Measuring the Effectiveness of Nursing Education
Several years ago, while working in nursing professional development and education, consultant Gen Guanci, MEd, RN-BC, CCRN, realized that she was doing herself and her department a disservice by reporting "productivity" of the nursing education department.
At the time, Guanci was working on reports based on quantitative data—the department conducted 20 classes, for example, serving 200 nurses. (She calls this concept "butts in the seat reporting.")
What they were not doing, she explains, was demonstrating what outcomes those filled seats then led to.
"In other words, what was different as a result of our educational activities?" says Guanci, who is now a consultant with Creative Health Care Management in Minneapolis.
She undertook the task of identifying and explaining that qualitative aspect.
"I linked our department activities to identified desired outcomes of specific education," says Guanci. These outcomes were then linked to the organizations' goals, and even pay-for-performance initiatives.
"Many of these are stretch goals or outcomes some educators have a hard time relating their work to," explains Guanci.

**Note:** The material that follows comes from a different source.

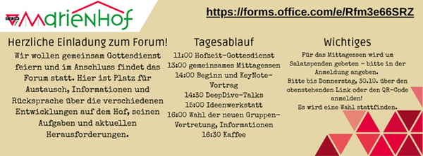 Wir wollen gemeinsam Gottesdienst feiern und im Anschluss findet das Forum statt. Hier ist Platz für Austausch, Informationen und Rücksprache über die verschiedenen Entwicklungen auf dem Hof, seinen Aufgaben und aktuellen Herausforderungen.

For example, say your department holds education classes on computerized physician order entry (CPOE). One of the main reasons organizations implement CPOE is to reduce transcription errors. After your classes, the order transcription rate drops by 66%. This helps validate the critical importance of nursing professional development's role in regards to patient safety and outcomes.
The reason Guanci changed her view on how to demonstrate effectiveness of nursing education comes from her previous organization's experiences on the ANCC Magnet Recognition Program® (MRP) journey and its pursuit of the Baldrige Award.
"The organization I worked for at the time we implemented these concepts was [MRP] designated," says Guanci. "It's not about how many people are in the seats—it's about results."